§ Requirement: Every line containing the word "Kültür" must be pulled from the records.

§ Data for review:

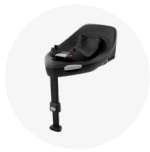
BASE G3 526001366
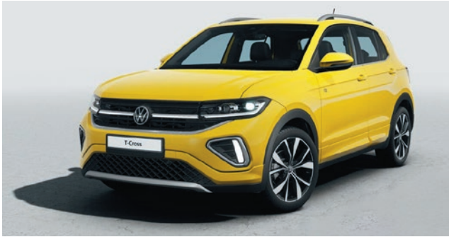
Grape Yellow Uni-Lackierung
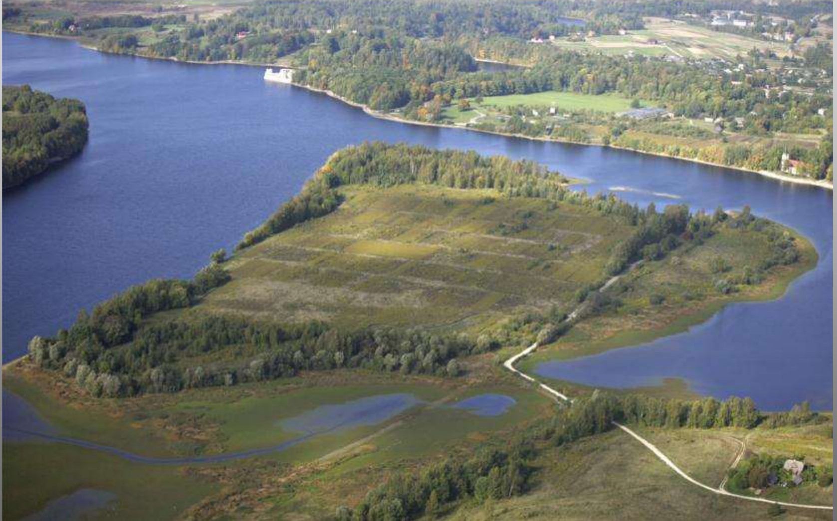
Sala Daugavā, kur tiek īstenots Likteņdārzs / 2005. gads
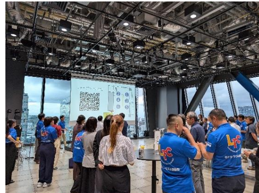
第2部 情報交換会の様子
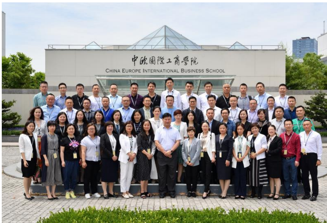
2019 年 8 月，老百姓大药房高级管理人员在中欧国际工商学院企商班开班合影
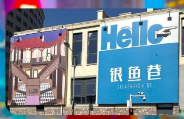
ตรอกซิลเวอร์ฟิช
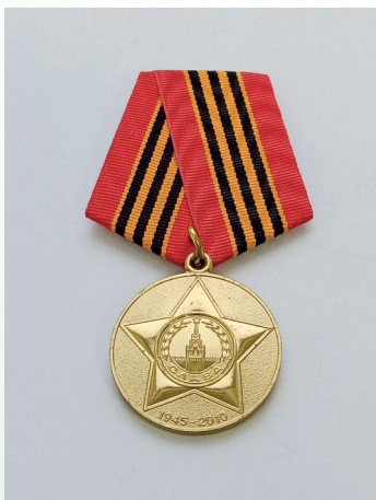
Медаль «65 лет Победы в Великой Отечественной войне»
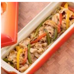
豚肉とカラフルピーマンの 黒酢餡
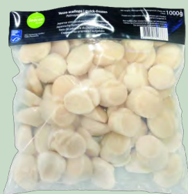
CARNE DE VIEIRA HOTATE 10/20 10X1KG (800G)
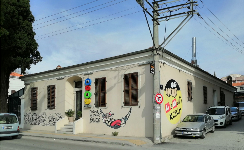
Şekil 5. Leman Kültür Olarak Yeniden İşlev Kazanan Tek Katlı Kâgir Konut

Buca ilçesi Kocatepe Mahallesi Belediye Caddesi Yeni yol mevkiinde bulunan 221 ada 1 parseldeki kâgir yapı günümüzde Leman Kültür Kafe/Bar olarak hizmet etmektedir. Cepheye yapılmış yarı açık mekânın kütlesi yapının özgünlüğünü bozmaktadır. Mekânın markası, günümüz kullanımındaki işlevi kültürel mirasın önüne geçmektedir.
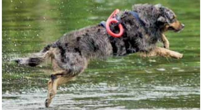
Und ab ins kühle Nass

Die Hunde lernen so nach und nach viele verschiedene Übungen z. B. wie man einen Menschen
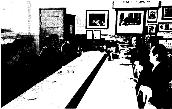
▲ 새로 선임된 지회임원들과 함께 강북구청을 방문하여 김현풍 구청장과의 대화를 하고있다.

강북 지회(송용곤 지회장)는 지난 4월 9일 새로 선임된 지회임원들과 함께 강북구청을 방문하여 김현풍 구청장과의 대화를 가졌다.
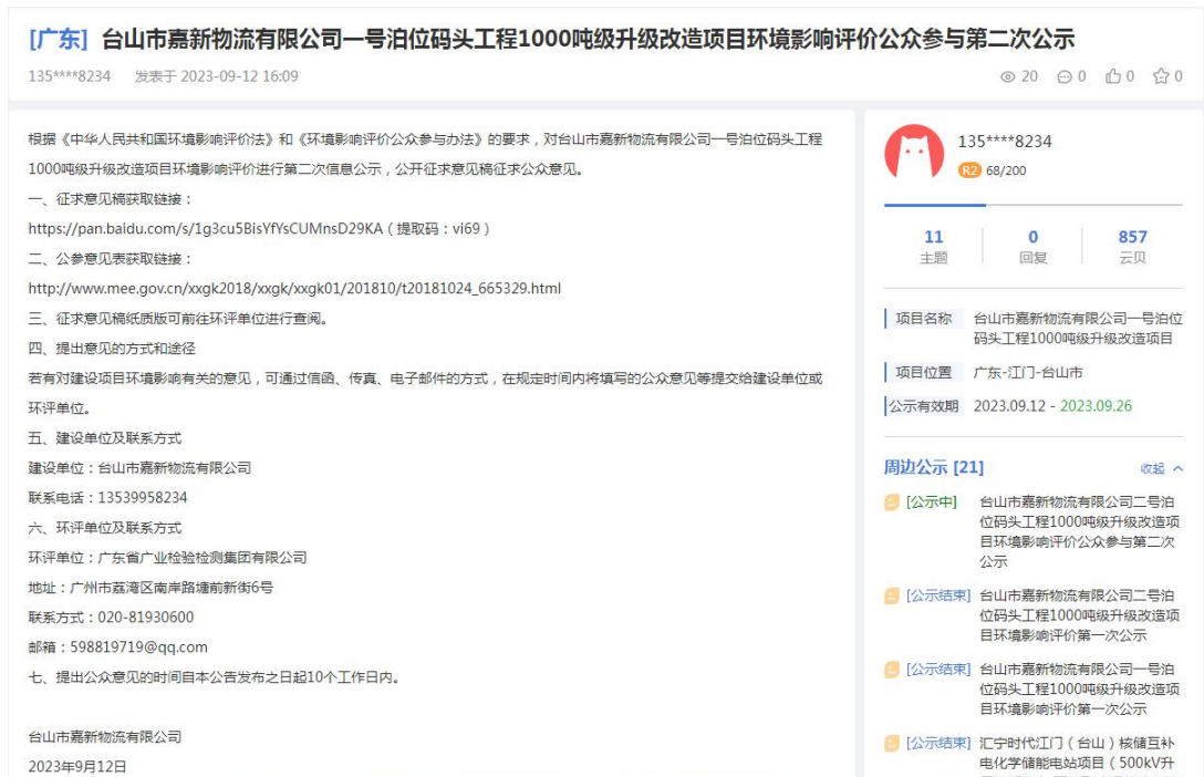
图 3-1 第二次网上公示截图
* * *
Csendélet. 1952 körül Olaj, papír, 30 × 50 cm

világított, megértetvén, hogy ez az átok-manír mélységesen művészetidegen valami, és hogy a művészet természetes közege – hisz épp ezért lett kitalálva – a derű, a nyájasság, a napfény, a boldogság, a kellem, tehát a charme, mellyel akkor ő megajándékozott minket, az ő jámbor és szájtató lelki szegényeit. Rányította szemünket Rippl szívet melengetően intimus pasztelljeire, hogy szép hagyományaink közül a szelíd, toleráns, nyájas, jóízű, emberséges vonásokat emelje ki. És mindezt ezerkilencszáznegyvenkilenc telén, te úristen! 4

§ Worked solution:
Şekil 5. Leman Kültür Olarak Yeniden İşlev Kazanan Tek Katlı Kâgir Konut
Buca ilçesi Kocatepe Mahallesi Belediye Caddesi Yeni yol mevkiinde bulunan 221 ada 1 parseldeki kâgir yapı günümüzde Leman Kültür Kafe/Bar olarak hizmet etmektedir. Cepheye yapılmış yarı açık mekânın kütlesi yapının özgünlüğünü bozmaktadır. Mekânın markası, günümüz kullanımındaki işlevi kültürel mirasın önüne geçmektedir.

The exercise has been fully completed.